## ABOUT THIS TASK
All records should be reproduced verbatim.

## SUPPLIED DATA
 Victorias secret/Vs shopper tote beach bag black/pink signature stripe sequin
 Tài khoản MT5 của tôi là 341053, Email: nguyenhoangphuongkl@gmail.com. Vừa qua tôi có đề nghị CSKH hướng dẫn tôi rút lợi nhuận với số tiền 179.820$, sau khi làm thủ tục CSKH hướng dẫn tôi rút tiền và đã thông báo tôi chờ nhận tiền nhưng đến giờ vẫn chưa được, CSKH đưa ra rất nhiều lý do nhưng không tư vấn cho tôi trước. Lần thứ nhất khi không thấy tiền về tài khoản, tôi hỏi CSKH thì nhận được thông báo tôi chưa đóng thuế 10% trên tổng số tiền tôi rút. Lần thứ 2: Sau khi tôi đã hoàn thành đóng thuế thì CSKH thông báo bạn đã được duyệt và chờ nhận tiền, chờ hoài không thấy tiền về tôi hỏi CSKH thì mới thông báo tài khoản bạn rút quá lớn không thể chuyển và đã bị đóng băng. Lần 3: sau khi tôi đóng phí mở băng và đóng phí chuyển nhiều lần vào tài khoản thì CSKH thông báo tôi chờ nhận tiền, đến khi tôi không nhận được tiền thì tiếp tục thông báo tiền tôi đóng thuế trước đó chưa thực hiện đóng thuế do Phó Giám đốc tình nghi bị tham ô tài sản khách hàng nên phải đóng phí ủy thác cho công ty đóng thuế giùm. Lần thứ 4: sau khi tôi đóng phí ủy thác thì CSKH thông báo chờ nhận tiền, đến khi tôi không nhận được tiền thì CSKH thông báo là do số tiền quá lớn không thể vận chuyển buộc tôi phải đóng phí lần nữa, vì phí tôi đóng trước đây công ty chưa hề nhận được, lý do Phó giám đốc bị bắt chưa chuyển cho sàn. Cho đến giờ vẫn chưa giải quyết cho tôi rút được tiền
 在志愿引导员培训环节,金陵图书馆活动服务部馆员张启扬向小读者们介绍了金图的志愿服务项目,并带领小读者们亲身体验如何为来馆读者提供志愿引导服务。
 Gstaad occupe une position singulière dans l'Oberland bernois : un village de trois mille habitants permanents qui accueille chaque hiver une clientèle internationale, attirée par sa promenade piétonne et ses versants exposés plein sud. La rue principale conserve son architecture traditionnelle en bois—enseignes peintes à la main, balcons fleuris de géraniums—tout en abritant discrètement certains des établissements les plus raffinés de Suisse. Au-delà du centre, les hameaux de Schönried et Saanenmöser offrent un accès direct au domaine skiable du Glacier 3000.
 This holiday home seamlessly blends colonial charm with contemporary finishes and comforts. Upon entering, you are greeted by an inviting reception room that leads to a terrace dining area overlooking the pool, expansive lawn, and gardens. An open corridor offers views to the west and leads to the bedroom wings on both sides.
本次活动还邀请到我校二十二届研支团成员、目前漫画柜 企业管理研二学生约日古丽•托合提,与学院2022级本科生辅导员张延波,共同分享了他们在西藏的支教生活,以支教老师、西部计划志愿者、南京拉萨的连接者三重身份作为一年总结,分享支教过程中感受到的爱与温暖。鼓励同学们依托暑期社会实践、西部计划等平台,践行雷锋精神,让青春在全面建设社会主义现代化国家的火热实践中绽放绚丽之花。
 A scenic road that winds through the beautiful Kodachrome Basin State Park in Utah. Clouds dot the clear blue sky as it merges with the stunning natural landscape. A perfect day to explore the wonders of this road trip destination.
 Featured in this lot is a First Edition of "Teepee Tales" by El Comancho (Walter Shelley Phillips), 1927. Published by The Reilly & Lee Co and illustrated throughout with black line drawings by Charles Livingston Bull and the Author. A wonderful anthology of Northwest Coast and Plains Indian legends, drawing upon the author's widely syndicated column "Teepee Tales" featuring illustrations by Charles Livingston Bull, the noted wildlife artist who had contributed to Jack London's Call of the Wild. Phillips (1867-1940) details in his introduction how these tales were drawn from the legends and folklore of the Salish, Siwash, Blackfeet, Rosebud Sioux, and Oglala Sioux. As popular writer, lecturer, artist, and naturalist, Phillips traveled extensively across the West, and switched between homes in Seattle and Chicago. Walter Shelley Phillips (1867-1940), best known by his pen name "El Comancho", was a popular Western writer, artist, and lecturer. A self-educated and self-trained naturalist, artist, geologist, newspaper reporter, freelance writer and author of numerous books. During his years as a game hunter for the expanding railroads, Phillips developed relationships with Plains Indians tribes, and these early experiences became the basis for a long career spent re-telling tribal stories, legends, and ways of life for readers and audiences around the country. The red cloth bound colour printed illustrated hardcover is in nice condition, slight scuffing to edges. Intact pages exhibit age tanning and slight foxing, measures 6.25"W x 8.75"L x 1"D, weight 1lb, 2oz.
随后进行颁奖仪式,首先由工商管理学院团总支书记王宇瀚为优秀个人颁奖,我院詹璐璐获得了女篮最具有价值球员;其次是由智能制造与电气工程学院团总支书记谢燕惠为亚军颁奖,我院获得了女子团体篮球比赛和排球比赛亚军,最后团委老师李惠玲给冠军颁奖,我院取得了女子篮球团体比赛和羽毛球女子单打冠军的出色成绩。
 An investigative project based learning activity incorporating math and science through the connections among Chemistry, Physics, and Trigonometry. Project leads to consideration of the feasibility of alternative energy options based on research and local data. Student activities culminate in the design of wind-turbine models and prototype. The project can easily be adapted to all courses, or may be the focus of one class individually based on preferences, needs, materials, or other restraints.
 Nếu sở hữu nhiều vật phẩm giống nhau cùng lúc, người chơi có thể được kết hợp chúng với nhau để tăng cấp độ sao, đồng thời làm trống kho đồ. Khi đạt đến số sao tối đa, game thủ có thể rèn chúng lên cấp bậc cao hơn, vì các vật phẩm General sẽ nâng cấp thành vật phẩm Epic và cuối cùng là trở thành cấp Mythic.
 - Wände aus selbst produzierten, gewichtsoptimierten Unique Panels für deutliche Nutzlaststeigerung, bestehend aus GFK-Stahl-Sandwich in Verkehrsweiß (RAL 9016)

## WRITTEN ANSWER
 Victorias secret/Vs shopper tote beach bag black/pink signature stripe sequin
 Tài khoản MT5 của tôi là 341053, Email: nguyenhoangphuongkl@gmail.com. Vừa qua tôi có đề nghị CSKH hướng dẫn tôi rút lợi nhuận với số tiền 179.820$, sau khi làm thủ tục CSKH hướng dẫn tôi rút tiền và đã thông báo tôi chờ nhận tiền nhưng đến giờ vẫn chưa được, CSKH đưa ra rất nhiều lý do nhưng không tư vấn cho tôi trước. Lần thứ nhất khi không thấy tiền về tài khoản, tôi hỏi CSKH thì nhận được thông báo tôi chưa đóng thuế 10% trên tổng số tiền tôi rút. Lần thứ 2: Sau khi tôi đã hoàn thành đóng thuế thì CSKH thông báo bạn đã được duyệt và chờ nhận tiền, chờ hoài không thấy tiền về tôi hỏi CSKH thì mới thông báo tài khoản bạn rút quá lớn không thể chuyển và đã bị đóng băng. Lần 3: sau khi tôi đóng phí mở băng và đóng phí chuyển nhiều lần vào tài khoản thì CSKH thông báo tôi chờ nhận tiền, đến khi tôi không nhận được tiền thì tiếp tục thông báo tiền tôi đóng thuế trước đó chưa thực hiện đóng thuế do Phó Giám đốc tình nghi bị tham ô tài sản khách hàng nên phải đóng phí ủy thác cho công ty đóng thuế giùm. Lần thứ 4: sau khi tôi đóng phí ủy thác thì CSKH thông báo chờ nhận tiền, đến khi tôi không nhận được tiền thì CSKH thông báo là do số tiền quá lớn không thể vận chuyển buộc tôi phải đóng phí lần nữa, vì phí tôi đóng trước đây công ty chưa hề nhận được, lý do Phó giám đốc bị bắt chưa chuyển cho sàn. Cho đến giờ vẫn chưa giải quyết cho tôi rút được tiền
 在志愿引导员培训环节,金陵图书馆活动服务部馆员张启扬向小读者们介绍了金图的志愿服务项目,并带领小读者们亲身体验如何为来馆读者提供志愿引导服务。
 Gstaad occupe une position singulière dans l'Oberland bernois : un village de trois mille habitants permanents qui accueille chaque hiver une clientèle internationale, attirée par sa promenade piétonne et ses versants exposés plein sud. La rue principale conserve son architecture traditionnelle en bois—enseignes peintes à la main, balcons fleuris de géraniums—tout en abritant discrètement certains des établissements les plus raffinés de Suisse. Au-delà du centre, les hameaux de Schönried et Saanenmöser offrent un accès direct au domaine skiable du Glacier 3000.
 This holiday home seamlessly blends colonial charm with contemporary finishes and comforts. Upon entering, you are greeted by an inviting reception room that leads to a terrace dining area overlooking the pool, expansive lawn, and gardens. An open corridor offers views to the west and leads to the bedroom wings on both sides.
本次活动还邀请到我校二十二届研支团成员、目前漫画柜 企业管理研二学生约日古丽•托合提,与学院2022级本科生辅导员张延波,共同分享了他们在西藏的支教生活,以支教老师、西部计划志愿者、南京拉萨的连接者三重身份作为一年总结,分享支教过程中感受到的爱与温暖。鼓励同学们依托暑期社会实践、西部计划等平台,践行雷锋精神,让青春在全面建设社会主义现代化国家的火热实践中绽放绚丽之花。
 A scenic road that winds through the beautiful Kodachrome Basin State Park in Utah. Clouds dot the clear blue sky as it merges with the stunning natural landscape. A perfect day to explore the wonders of this road trip destination.
 Featured in this lot is a First Edition of "Teepee Tales" by El Comancho (Walter Shelley Phillips), 1927. Published by The Reilly & Lee Co and illustrated throughout with black line drawings by Charles Livingston Bull and the Author. A wonderful anthology of Northwest Coast and Plains Indian legends, drawing upon the author's widely syndicated column "Teepee Tales" featuring illustrations by Charles Livingston Bull, the noted wildlife artist who had contributed to Jack London's Call of the Wild. Phillips (1867-1940) details in his introduction how these tales were drawn from the legends and folklore of the Salish, Siwash, Blackfeet, Rosebud Sioux, and Oglala Sioux. As popular writer, lecturer, artist, and naturalist, Phillips traveled extensively across the West, and switched between homes in Seattle and Chicago. Walter Shelley Phillips (1867-1940), best known by his pen name "El Comancho", was a popular Western writer, artist, and lecturer. A self-educated and self-trained naturalist, artist, geologist, newspaper reporter, freelance writer and author of numerous books. During his years as a game hunter for the expanding railroads, Phillips developed relationships with Plains Indians tribes, and these early experiences became the basis for a long career spent re-telling tribal stories, legends, and ways of life for readers and audiences around the country. The red cloth bound colour printed illustrated hardcover is in nice condition, slight scuffing to edges. Intact pages exhibit age tanning and slight foxing, measures 6.25"W x 8.75"L x 1"D, weight 1lb, 2oz.
随后进行颁奖仪式,首先由工商管理学院团总支书记王宇瀚为优秀个人颁奖,我院詹璐璐获得了女篮最具有价值球员;其次是由智能制造与电气工程学院团总支书记谢燕惠为亚军颁奖,我院获得了女子团体篮球比赛和排球比赛亚军,最后团委老师李惠玲给冠军颁奖,我院取得了女子篮球团体比赛和羽毛球女子单打冠军的出色成绩。
 An investigative project based learning activity incorporating math and science through the connections among Chemistry, Physics, and Trigonometry. Project leads to consideration of the feasibility of alternative energy options based on research and local data. Student activities culminate in the design of wind-turbine models and prototype. The project can easily be adapted to all courses, or may be the focus of one class individually based on preferences, needs, materials, or other restraints.
 Nếu sở hữu nhiều vật phẩm giống nhau cùng lúc, người chơi có thể được kết hợp chúng với nhau để tăng cấp độ sao, đồng thời làm trống kho đồ. Khi đạt đến số sao tối đa, game thủ có thể rèn chúng lên cấp bậc cao hơn, vì các vật phẩm General sẽ nâng cấp thành vật phẩm Epic và cuối cùng là trở thành cấp Mythic.
 - Wände aus selbst produzierten, gewichtsoptimierten Unique Panels für deutliche Nutzlaststeigerung, bestehend aus GFK-Stahl-Sandwich in Verkehrsweiß (RAL 9016)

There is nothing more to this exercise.